_Given records_
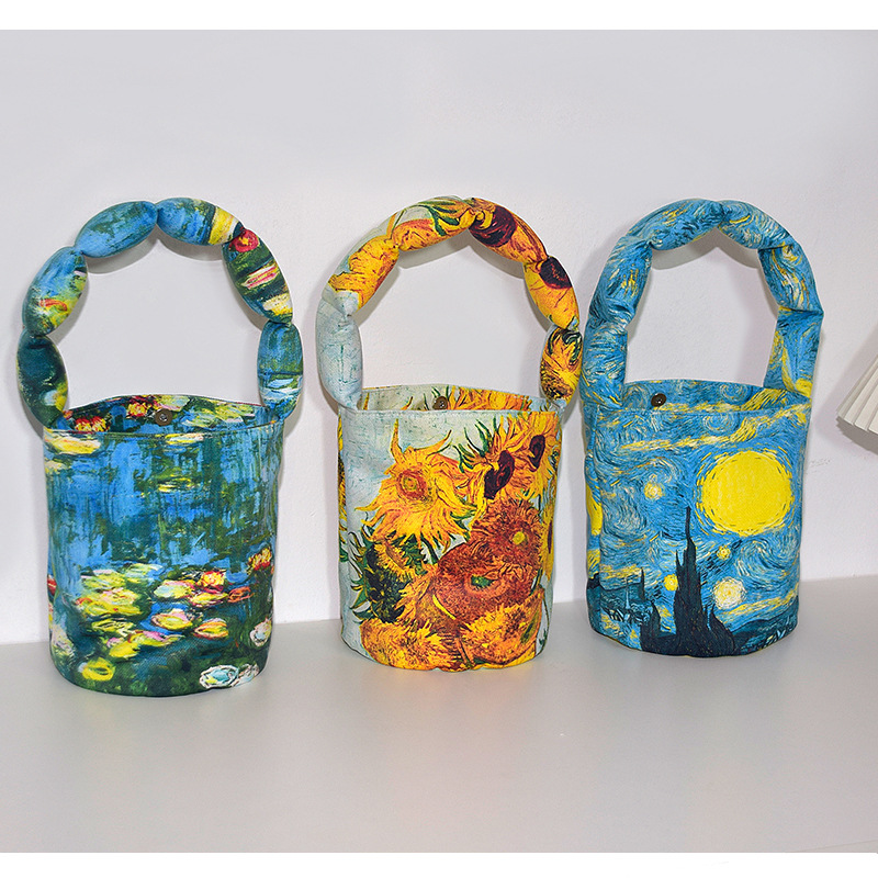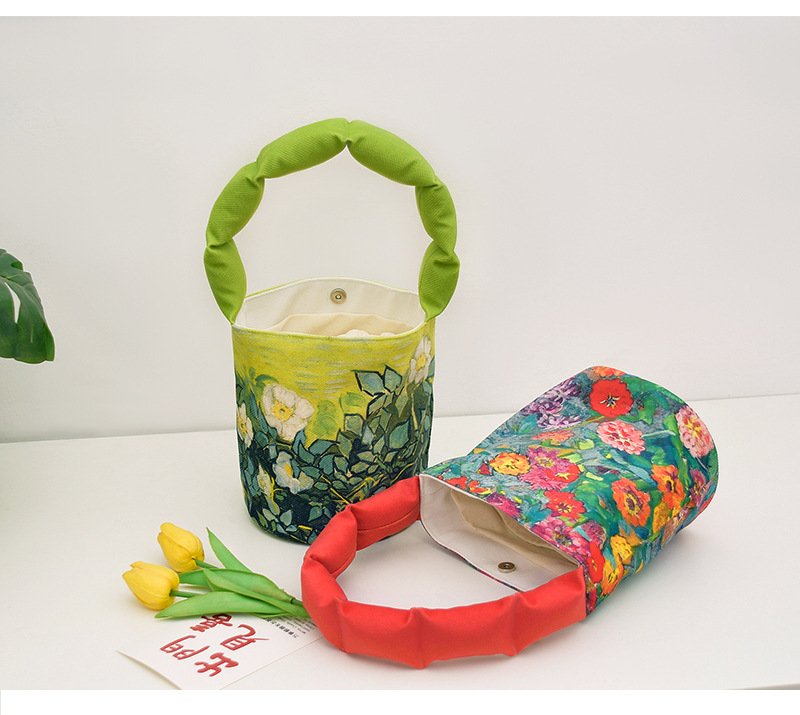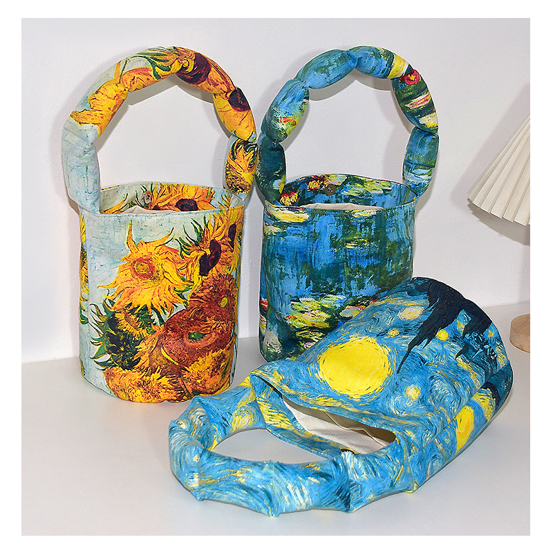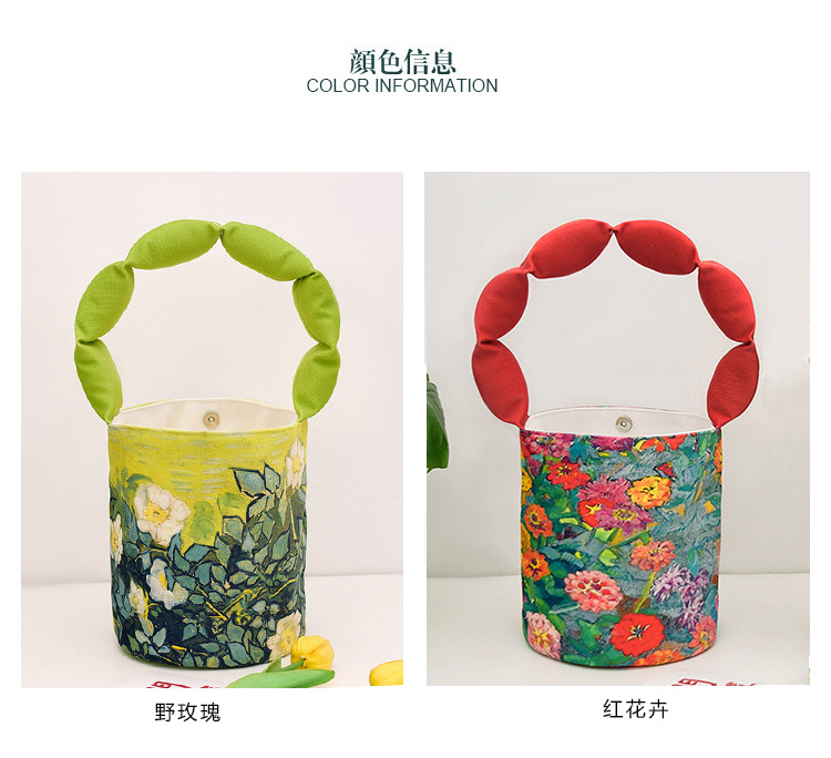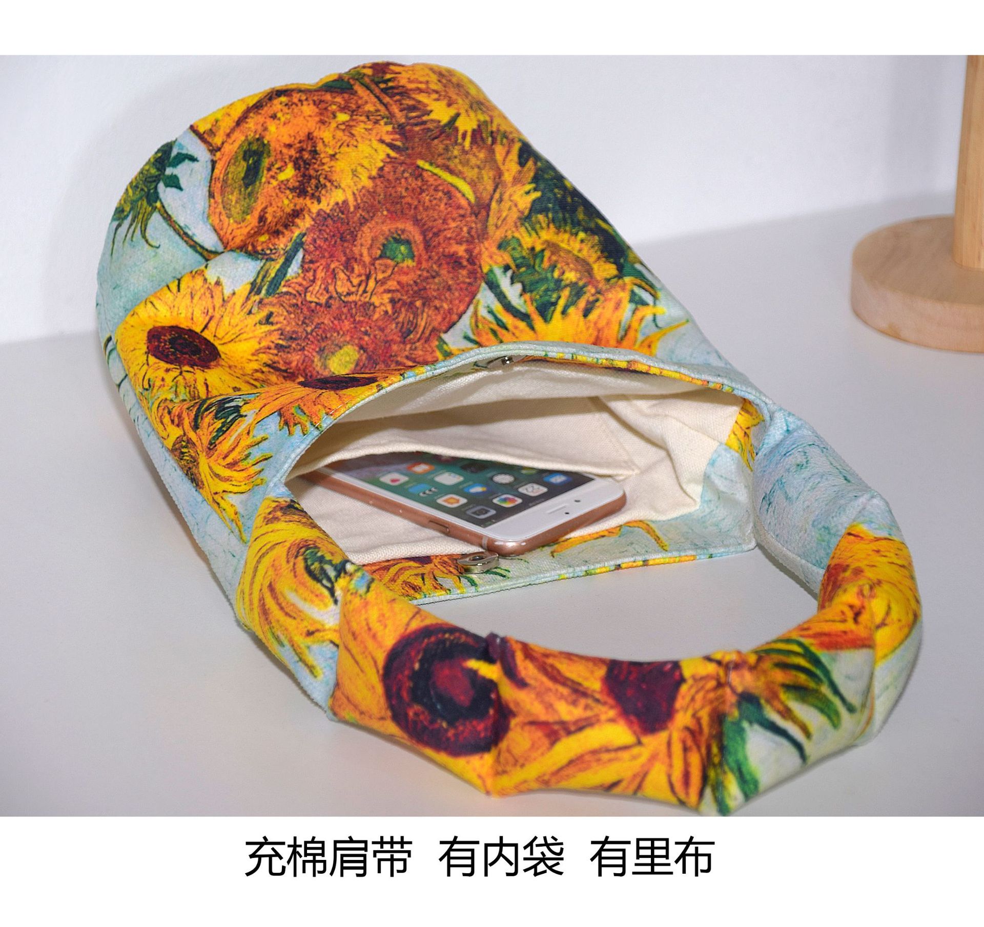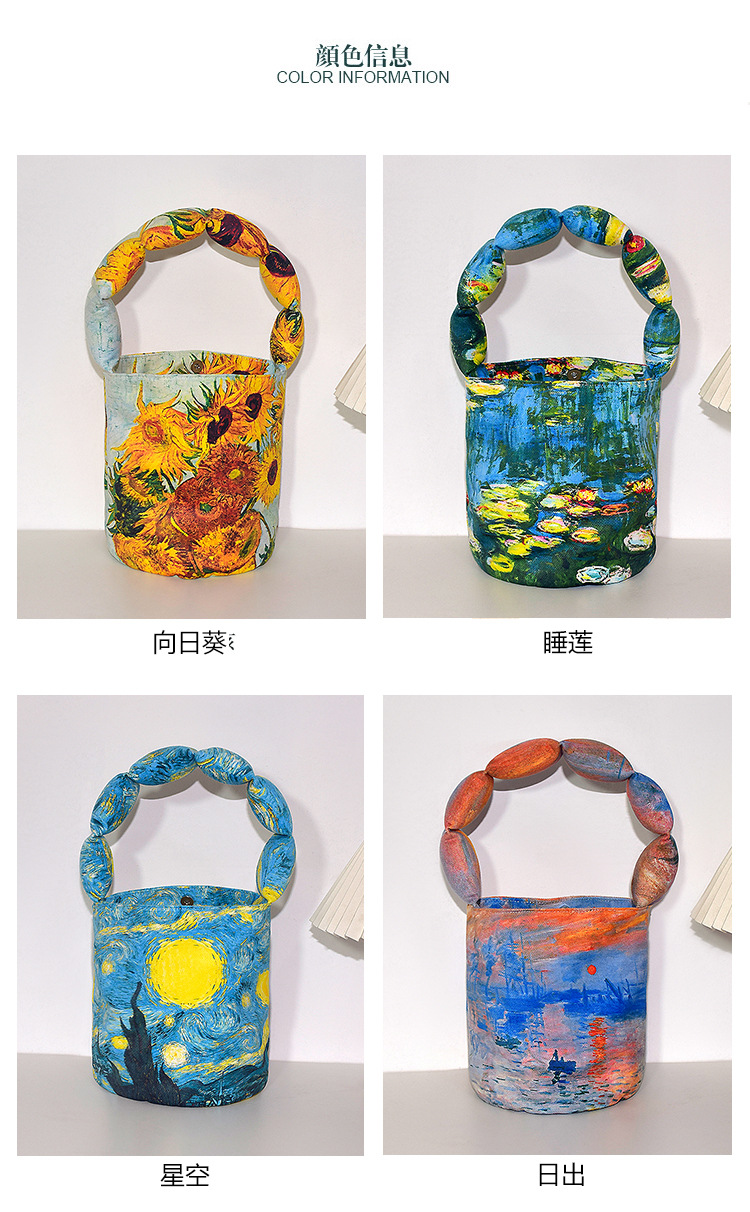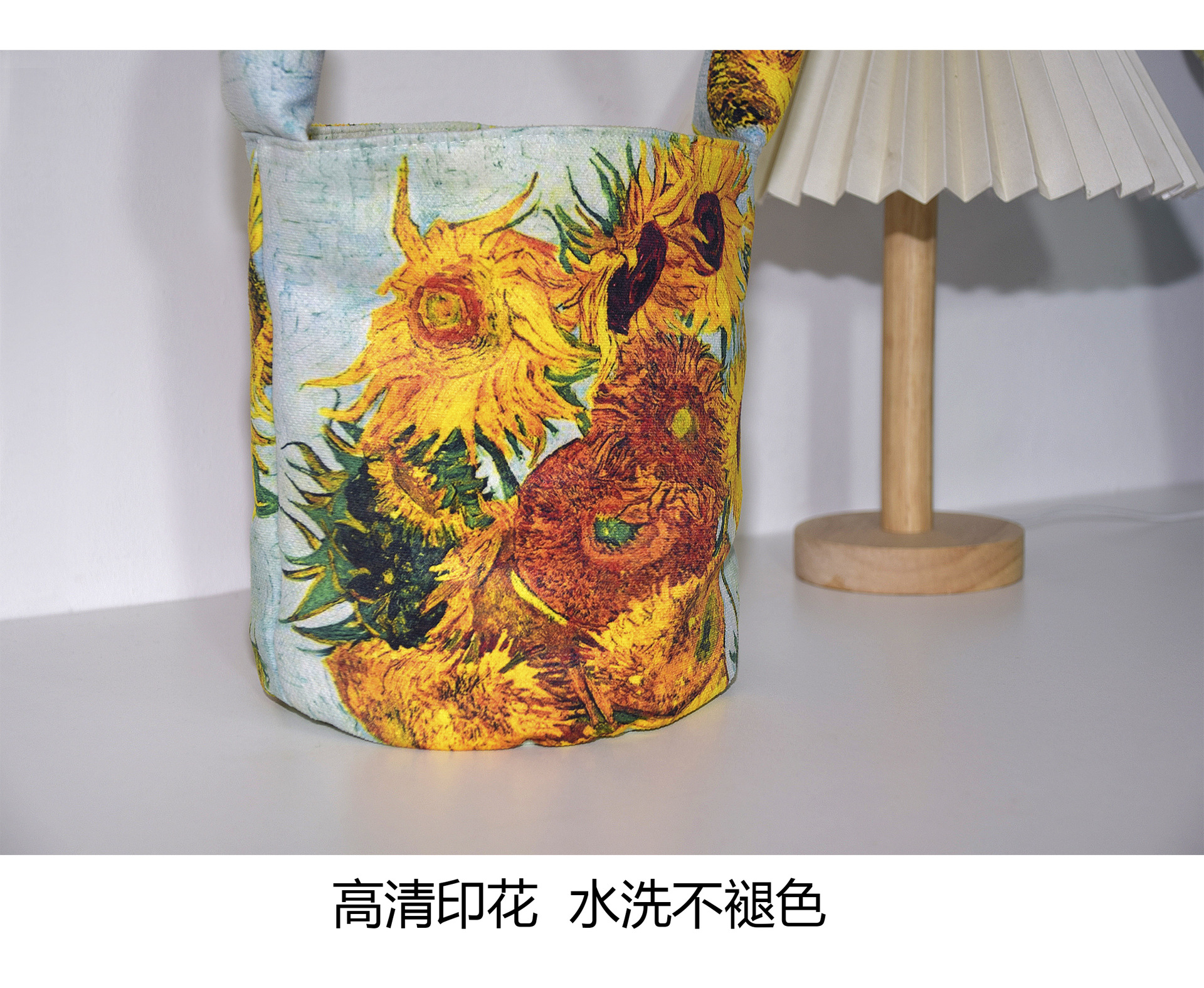 梵高莫奈油画复古野玫瑰向日葵充棉肩带水桶包 小号女便当袋饭盒手提包
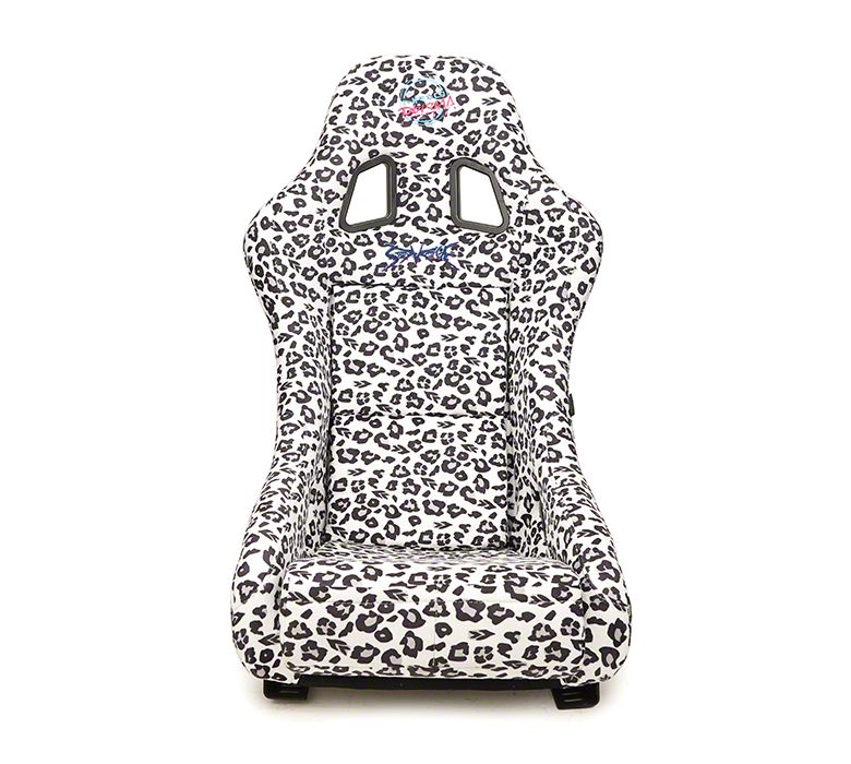 FRP Bucket Seat PRISMA- SAVAGE Edition with white pearlized back. Snow Leopard Color Leopard print finish in vegan material plus phone pockets. (Medium)
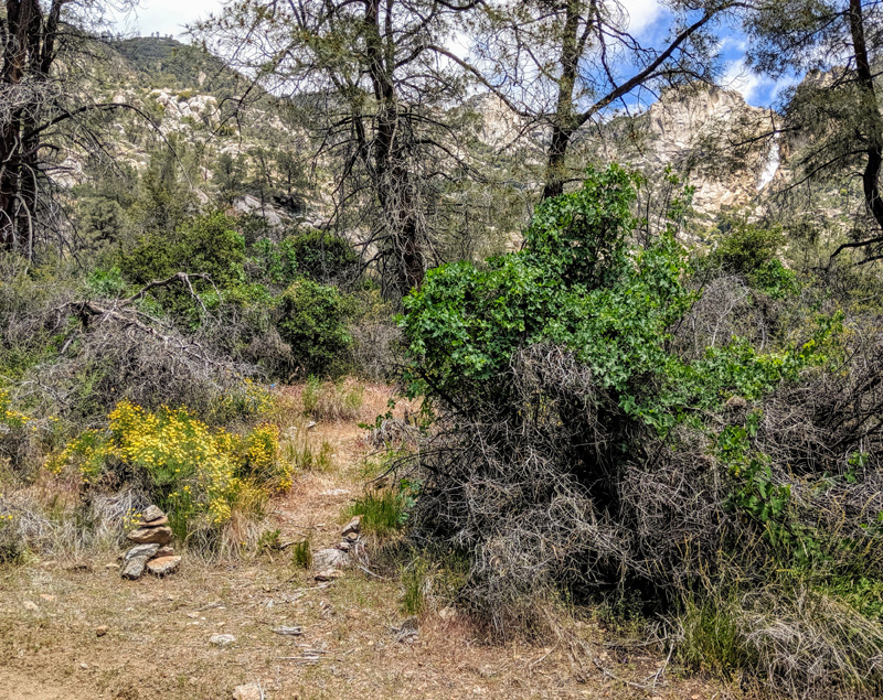 Scramble up the right side of the small creek bank following cairns. After a short steep climb, there is a little pathway through some oak trees after which the route climbs over another boulder. Climb up the hillside to the right of a granite slab, and look for another passageway through oak trees at the side of a huge boulder. Continue traversing south toward the creek and the route pops out at a large sunny slab across from the Middle Falls.
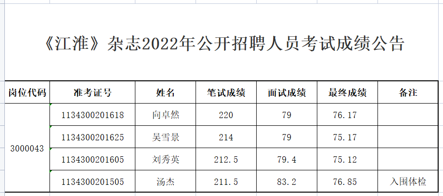 《江淮》雜志2022年公開招聘人員考試成績公告
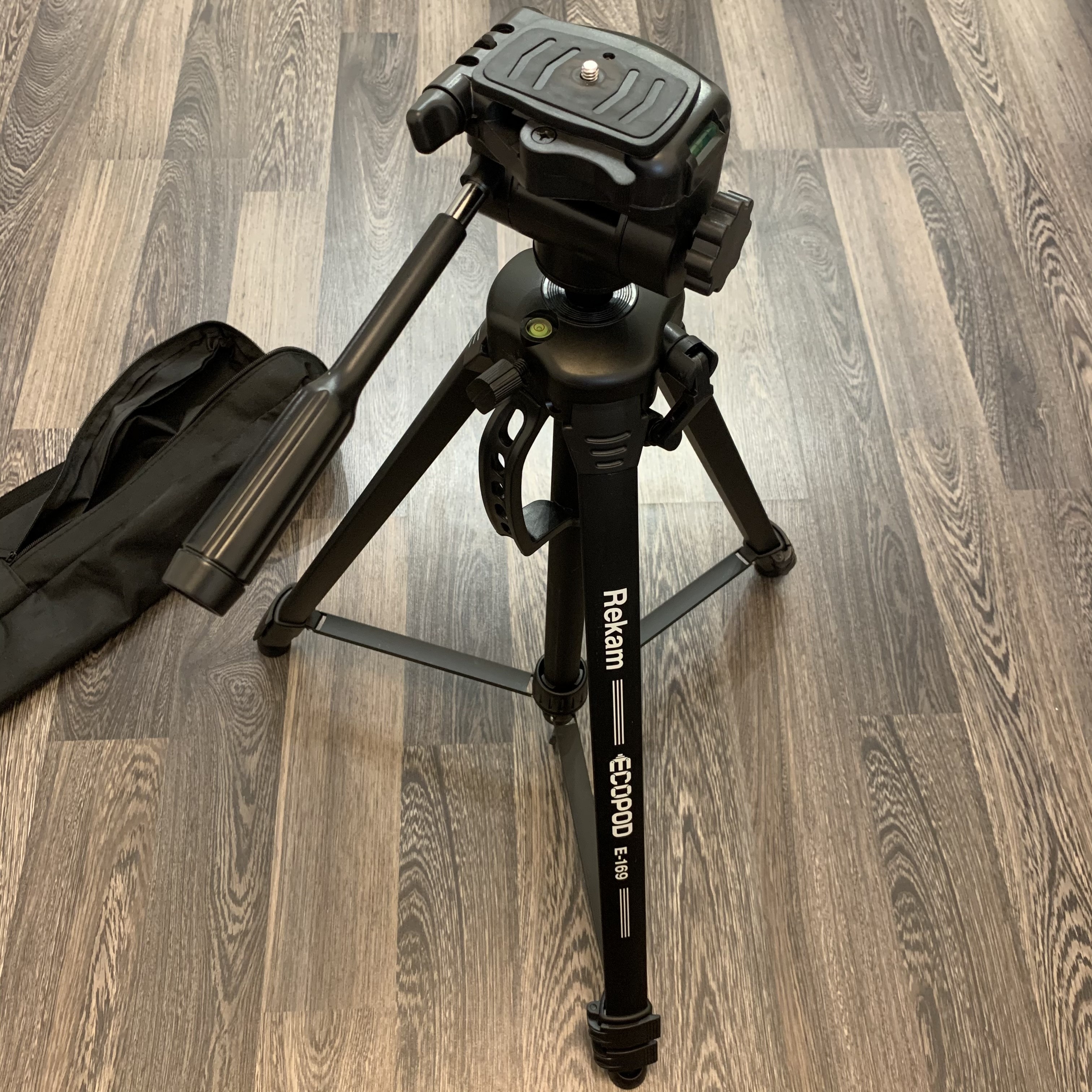 Штатив-трипод REKAM Ecopod E-169, изготовленный из качественного материала, прекрасно подойдет как начинающим фотографам, так и профессионалам. Вы всегда сможете брать его с собой, так как он не обременит своим весом 1250 г и длиной в сложенном виде 610 мм. Чехол с крюком, входящий в комплект, сделает устройство еще более мобильным. Его высоту лучше всего подбирать по росту фотолюбителя. Данная модель имеет максимальную высоту 1620 мм. Три секции штатива-трипода REKAM Ecopod E-169 сделают его более устойчивым, а резиновые опоры на них предотвратят скольжение устройства. Камера устанавливается на специальную площадку, на которой крепко и надежно закрепляется, а ручка фиксирует положение и обеспечивает плавное наведение. Благодаря этому получаются прекрасные, четкие и качественные фотографии.
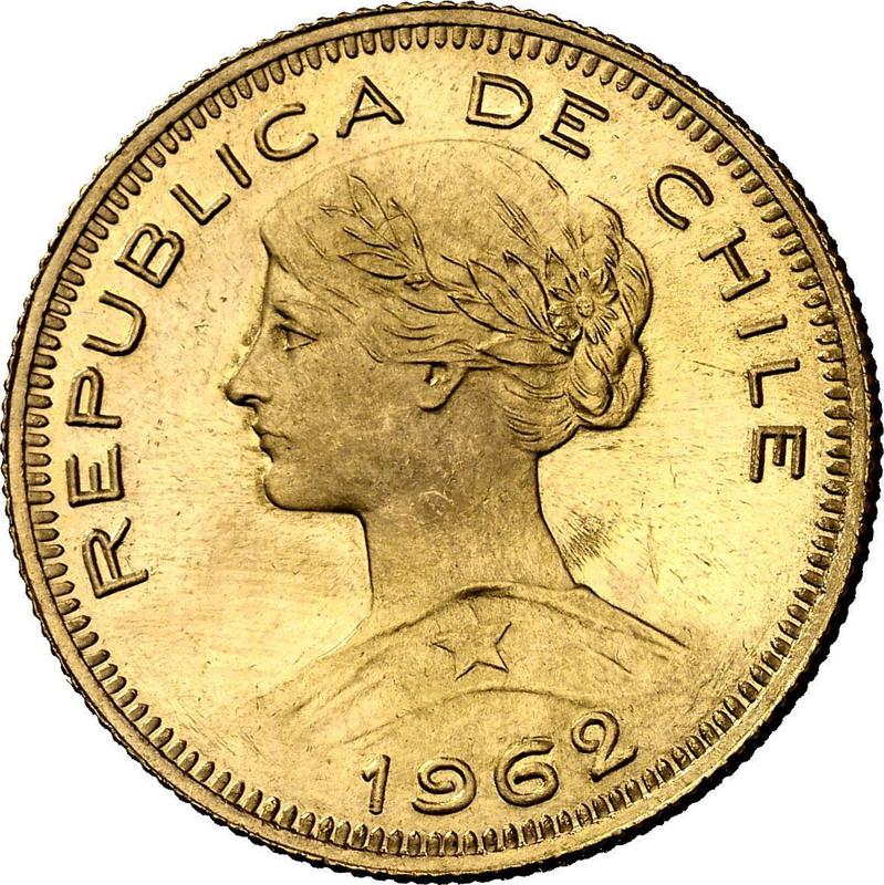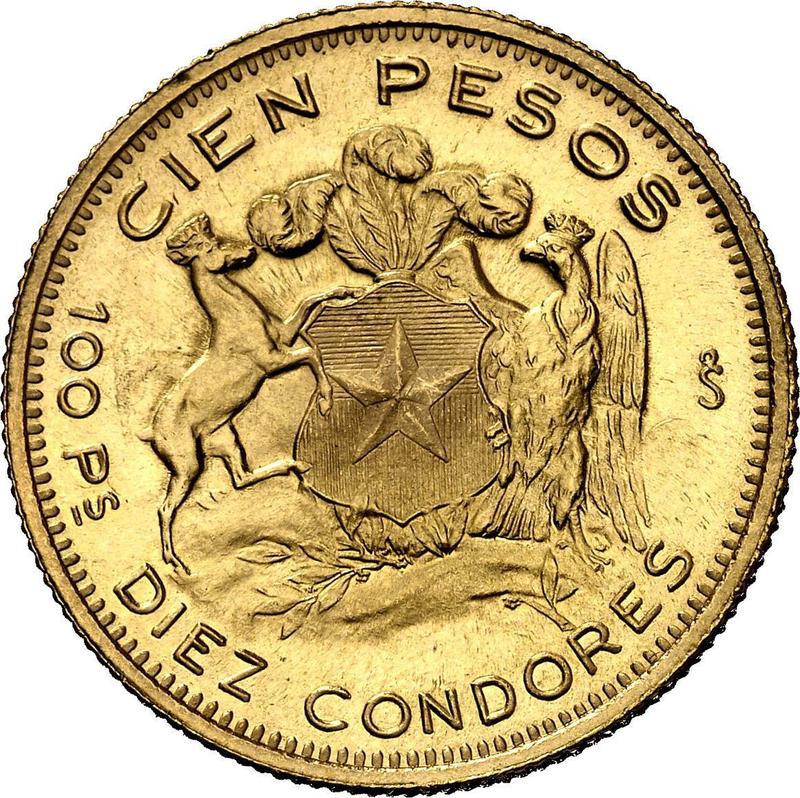 Find out the current coin value of the Chilean 100 Pesos 1962 with mark So. This gold coin from the times of Republic struck at the Santiago Mint. Wondering how much a coin like this is worth? The record price belongs to the lot 31601 sold at the Heritage Auctions auction for USD 1,920. Bidding took place May 5, 2022.

_Problem to work on_
What is needed here is an exact copy of every record, with the pictures left out.

_Reply to the task_
 梵高莫奈油画复古野玫瑰向日葵充棉肩带水桶包 小号女便当袋饭盒手提包
 FRP Bucket Seat PRISMA- SAVAGE Edition with white pearlized back. Snow Leopard Color Leopard print finish in vegan material plus phone pockets. (Medium)
 Scramble up the right side of the small creek bank following cairns. After a short steep climb, there is a little pathway through some oak trees after which the route climbs over another boulder. Climb up the hillside to the right of a granite slab, and look for another passageway through oak trees at the side of a huge boulder. Continue traversing south toward the creek and the route pops out at a large sunny slab across from the Middle Falls.
 《江淮》雜志2022年公開招聘人員考試成績公告
 Штатив-трипод REKAM Ecopod E-169, изготовленный из качественного материала, прекрасно подойдет как начинающим фотографам, так и профессионалам. Вы всегда сможете брать его с собой, так как он не обременит своим весом 1250 г и длиной в сложенном виде 610 мм. Чехол с крюком, входящий в комплект, сделает устройство еще более мобильным. Его высоту лучше всего подбирать по росту фотолюбителя. Данная модель имеет максимальную высоту 1620 мм. Три секции штатива-трипода REKAM Ecopod E-169 сделают его более устойчивым, а резиновые опоры на них предотвратят скольжение устройства. Камера устанавливается на специальную площадку, на которой крепко и надежно закрепляется, а ручка фиксирует положение и обеспечивает плавное наведение. Благодаря этому получаются прекрасные, четкие и качественные фотографии.
 Find out the current coin value of the Chilean 100 Pesos 1962 with mark So. This gold coin from the times of Republic struck at the Santiago Mint. Wondering how much a coin like this is worth? The record price belongs to the lot 31601 sold at the Heritage Auctions auction for USD 1,920. Bidding took place May 5, 2022.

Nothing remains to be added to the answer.